I'd prefer to use only two ties, of course, but the Train-Li switches have a power routing reed relay in that center tie, so it can't be used for mounting purposes. There really aren't any finicky adjustments except perhaps getting the spring pressure equal on both points. The way to do this is to bend the reach rod to lengthen or shorten the throw a tiny bit.

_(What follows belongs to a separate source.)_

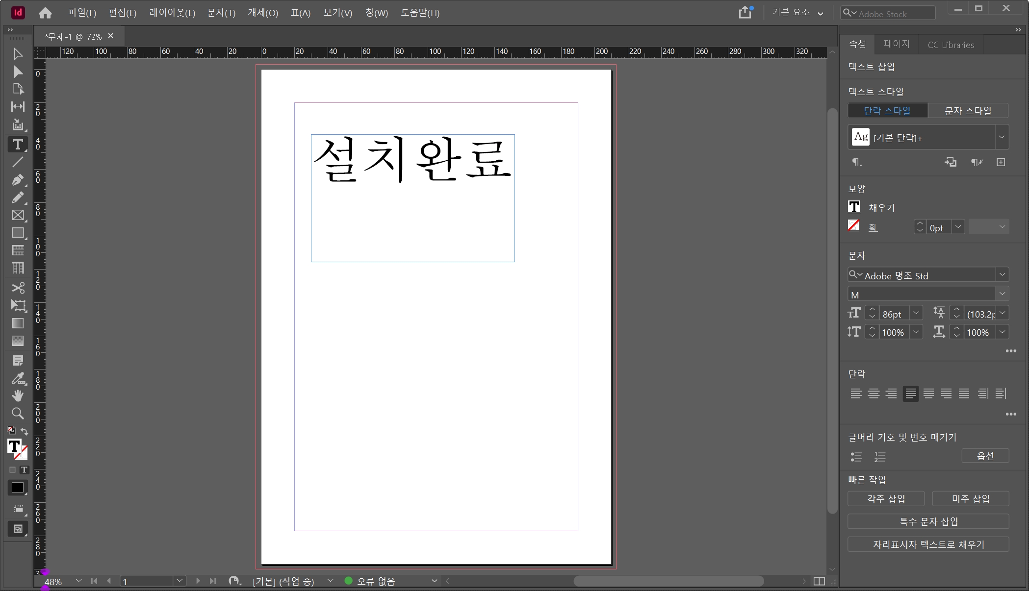설치가 제대로 되었는지 확인힙니다. Indesign 2020을 실행합니다.

Construction is all solid brass, plastic, and stainless steel (except the ballpoint springs), so it should weather well. If the springs rust out, I'll wind some brass or stainless ones.
Here is a link to the details of how I machined the bolts:

*Barrel Bolt Ground Throw Instructions PDF*

Thanks for looking.

Steve Seitel


----------



## paintjockey (Jan 3, 2008)

The tie strip for mounting is a great idea! It looks good thanks for sharing. 

Terry


----------



## wigginsn (Jan 9, 2008)

Nice work Steve 

I tried to get a similar 'soft' action using piano wire in the throw arm with a V bend. Not that successful as the wire has rusted over the last few years, and I never got successful reverse running - guess the tension was too much. 

I like your approach - will give it a lash on the next couple of turnouts that come out of the shops. 

Cheers 
Neil


----------



## jake3404 (Dec 3, 2010)

Here is the hyperlink 

Link to switch construction


----------



## dawgnabbit (Jan 2, 2008)

Hi, All 

Neil - The "best" way to reduce the spring tension is to find or make a spring with a smaller force constant, of course. The next best (which I used) is to space the reach rod stops a little farther apart, so the ends of the springs don't _quite_ touch them at mid-throw. I made do with cheap ballpoint springs on my first batch; I'll probably wind up a bunch of softer springs for use on the next ones. 

Terry - glad you found something useful here. 

Regards, 

Steve Seitel


----------



## dawgnabbit (Jan 2, 2008)

Jake, thank you. How did you make that link active? I thought I knew how, but I guess not. 

Steve


----------



## Paul Norton (Jan 8, 2008)

Nice upgrade to the barrel bolt switch throw Steve!

A shot of silicon spray works wonders on these throws. It dries and lubricates without leaving an oily residue to collect dirt. It may help extend the life of the springs as well.

The only problem I had this year was cleaning the grit from under the throw bars. I found a cable tie worked the best for that job. There are now over 100 switches on the club railway. 

During the recent re-building of Nelson and Glen Hammond Yards, it was realized that moving 90 degree angle brackets by hand could be used to throw the switches. This eliminated the need for the barrel bolts and V springs. 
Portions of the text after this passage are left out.